# 4 lbs. Russians



## Joseph Clemens (Feb 12, 2005)

Give them more space.


----------



## BeeKeep (Mar 30, 2006)

*I agree w/ J Clemens . .*

and not just because he's more experienced & wiser. . . .

A package is basically an artifical swarm. Swarms want to build up comb and forage. You need to give the comb builders space to work.


----------



## MapMan (May 24, 2007)

It's like putting ten pounds of 'taters into a five pound sack. 

MM


----------



## Countryboy (Feb 15, 2009)

The bees are probably drawing comb while hanging from the inner cover. If you do not remove the bees and comb from the inner cover, you are likely to end up with this mess.

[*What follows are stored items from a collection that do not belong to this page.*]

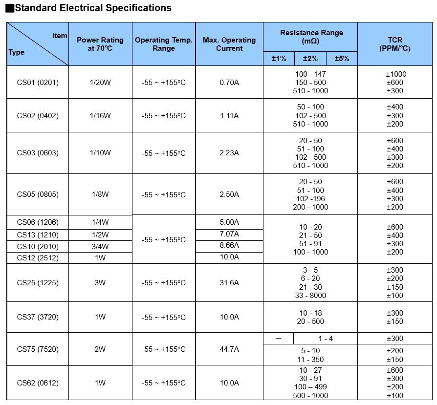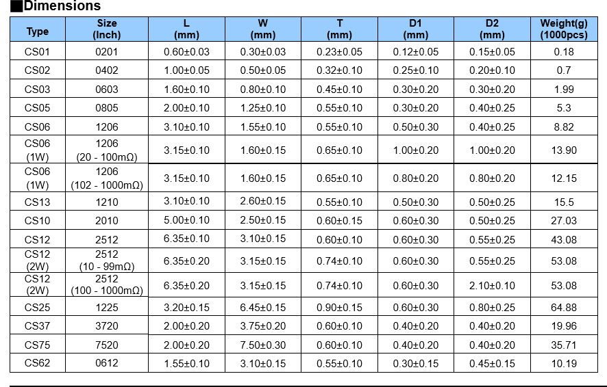 - 功率、封裝: 1.5W 3/4W 2W 1W 1/2W 1/4W 1/5W 1/8W 0201/0402/0603 0805/1206/1210 2010/2512/1225 3720/7520
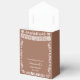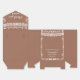 Elegant terracotta baby shower favour box with delicate white papel picado banner and ornamental lace-style frame. Personalised with the baby’s name and event date, this charming gift box adds a refined touch to your Cielito Lindo or classic baby shower celebration.
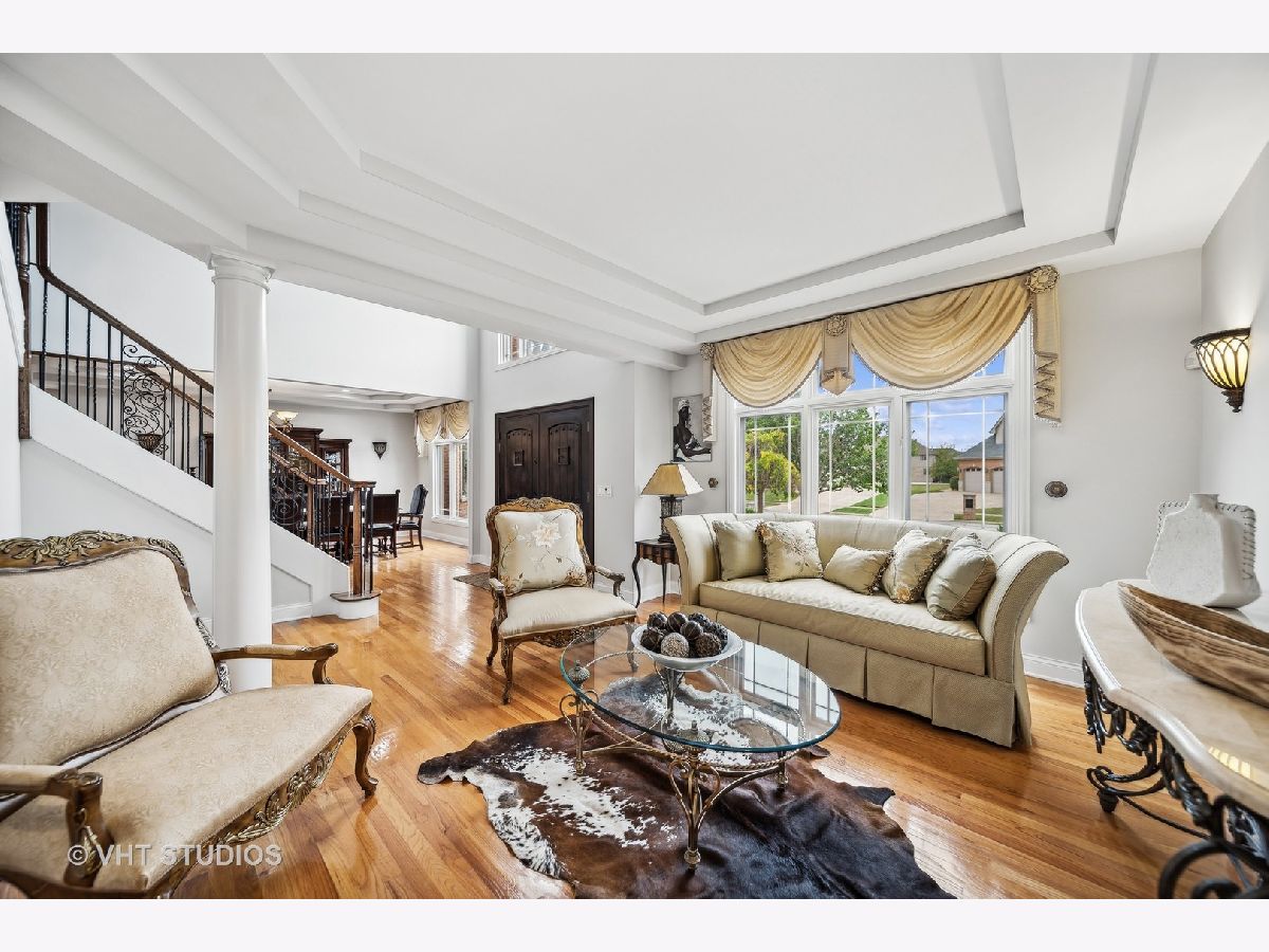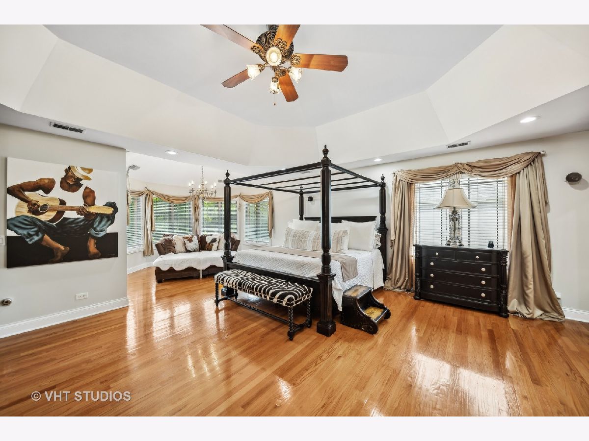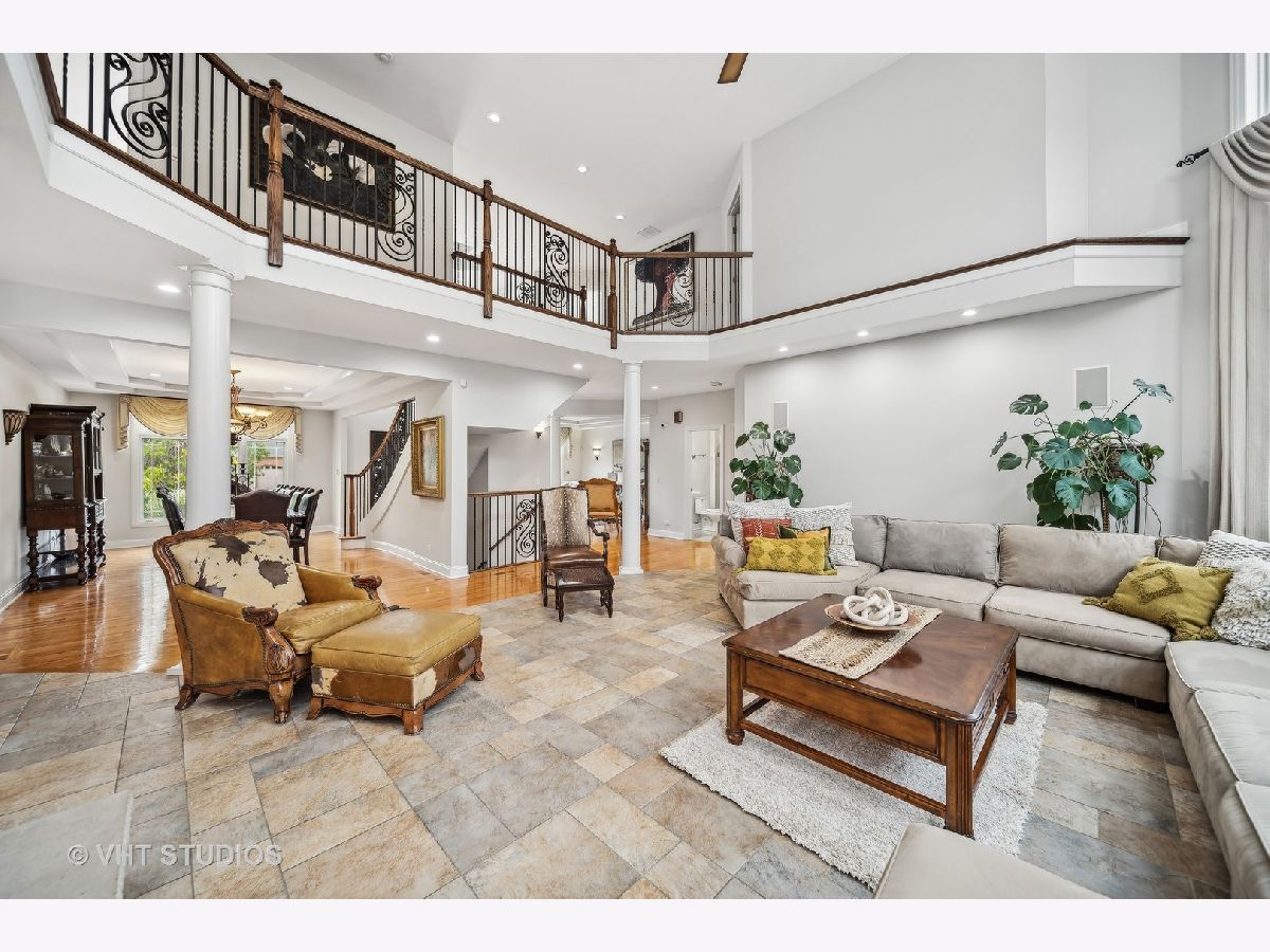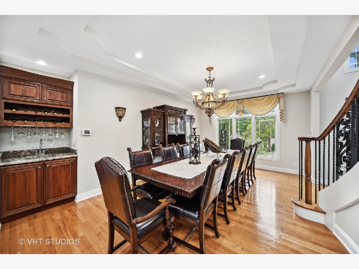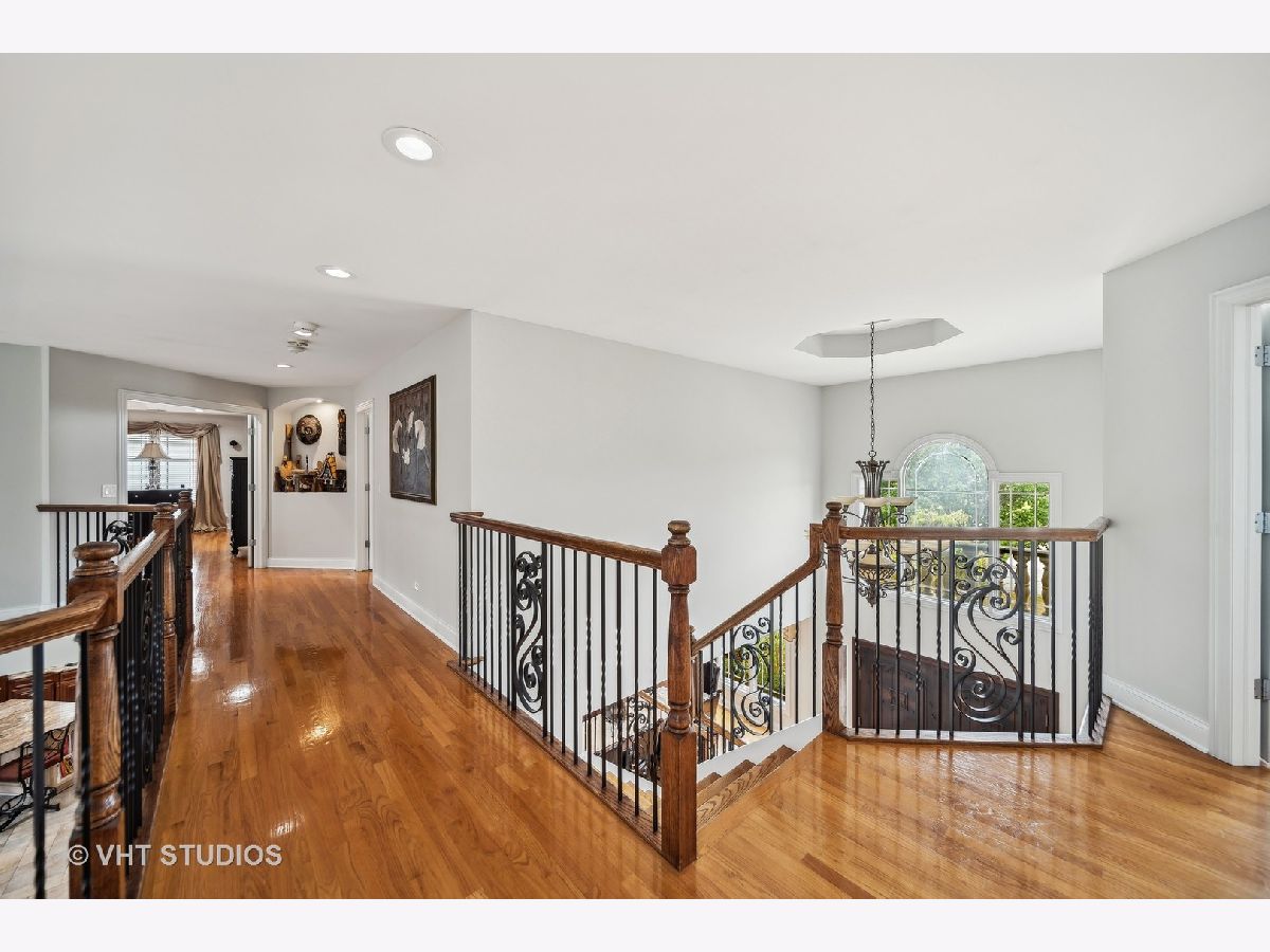 Hello Ballantrae. Welcome to your dream home in Flossmoor on a gorgeous, tree-lined, and picturesque block. This home stands out with impeccable updates and meticulous maintenance, such as oak hardwood floors, elegant ceramic tile details, tray ceilings, 6" molding and transitional window casing, recessed lighting, chandeliers, custom window treatments, new paint throughout, and a layout that will allow you to live with ease. The main level opens to an inviting foyer with a motorized chandelier from Scotland sets the tone. The dining room, perfect for hosting, boasts a tray ceiling and wet bar. Enjoy the formal living room and the family room with dramatic 17' ceilings, 14' arched windows, and a dual-sided gas fireplace. The kitchen is a chef's paradise with 42" cabinetry with custom crown molding, a double island with granite counters, a stainless steel appliance suite: French door refrigerator, external exhaust chef's hood with custom paneling, beverage center, six burner range with griddle and dual oven, dishwasher, built-in microwave and warming drawer. All appliances are less than four years old. This level also features a fifth bedroom, a full bathroom, and a full-sized laundry room. Upstairs, you have 4 generous bedrooms, including a luxurious primary suite with a gas fireplace, sitting area, walk-in closet, shoe closet, and a large ensuite with dual vanities and makeup counter, large jetted tub, water closet, towel warmer, and a focal French door glass paneled linen closet. A junior primary bedroom with an ensuite and two additional bedrooms connected by a shared bath with private vanity rooms complete this level. Entertain in style in your lower level with a dry bar that fits 8-10, an oversized family room, a game area, a workout area, a fully enclosed private office, and ample storage. The backyard is any homeowner's dream. It is professionally landscaped with concrete pavers, flower and vegetable garden, fire pit, large pergola, and multiple entertainment areas, enclosed with an aluminum fence with pet-guard detail. The roof is a complete tear-off, with new skylights, in 2024.

http://www.bushfarms.com/beesnaturalcell.htm#combwidth


----------



## Kyle Meadows (Jul 14, 2006)

*Thanks*

Thanks for all the replies. I'll add a box tomorrow.
Question is, should I fill it with empty or drawn frames?


----------



## ClintonTull (Dec 7, 2008)

Arent russians comb crazy bees anyways?


----------



## sierrabees (Jul 7, 2006)

Kyle Meadows said:


> Thanks for all the replies. I'll add a box tomorrow.
> Question is, should I fill it with empty or drawn frames?


It's always nice to have lots of extra new comb. I would take advantage of this time of year when the bees are in a comb making mood and give them a super of empty frames with at least one drawn frame to start them out.


----------